* **Input data**
──────────

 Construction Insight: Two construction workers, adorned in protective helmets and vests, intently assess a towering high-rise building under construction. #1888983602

──────────

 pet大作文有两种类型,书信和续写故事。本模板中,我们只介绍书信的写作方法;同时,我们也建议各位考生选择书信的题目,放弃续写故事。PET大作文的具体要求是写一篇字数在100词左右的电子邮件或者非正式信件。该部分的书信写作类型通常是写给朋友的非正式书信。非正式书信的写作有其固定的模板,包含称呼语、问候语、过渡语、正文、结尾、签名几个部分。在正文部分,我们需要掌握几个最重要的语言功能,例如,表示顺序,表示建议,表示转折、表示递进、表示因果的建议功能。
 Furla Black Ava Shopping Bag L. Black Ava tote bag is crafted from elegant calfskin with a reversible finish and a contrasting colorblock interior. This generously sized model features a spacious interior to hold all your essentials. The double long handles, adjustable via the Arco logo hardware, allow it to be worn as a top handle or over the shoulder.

──────────

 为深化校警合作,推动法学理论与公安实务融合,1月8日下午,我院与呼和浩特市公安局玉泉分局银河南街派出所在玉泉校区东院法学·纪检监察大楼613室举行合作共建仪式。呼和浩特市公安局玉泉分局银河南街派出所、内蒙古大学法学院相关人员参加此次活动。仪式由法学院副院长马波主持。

──────────

* **Task requirements**
Retype only this portion of the data above: the line containing "pet大作文有两种类型,书信", the line containing "Furla Black Ava", and all lines between them, exactly.

* **Written solution**
 pet大作文有两种类型,书信和续写故事。本模板中,我们只介绍书信的写作方法;同时,我们也建议各位考生选择书信的题目,放弃续写故事。PET大作文的具体要求是写一篇字数在100词左右的电子邮件或者非正式信件。该部分的书信写作类型通常是写给朋友的非正式书信。非正式书信的写作有其固定的模板,包含称呼语、问候语、过渡语、正文、结尾、签名几个部分。在正文部分,我们需要掌握几个最重要的语言功能,例如,表示顺序,表示建议,表示转折、表示递进、表示因果的建议功能。
 Furla Black Ava Shopping Bag L. Black Ava tote bag is crafted from elegant calfskin with a reversible finish and a contrasting colorblock interior. This generously sized model features a spacious interior to hold all your essentials. The double long handles, adjustable via the Arco logo hardware, allow it to be worn as a top handle or over the shoulder.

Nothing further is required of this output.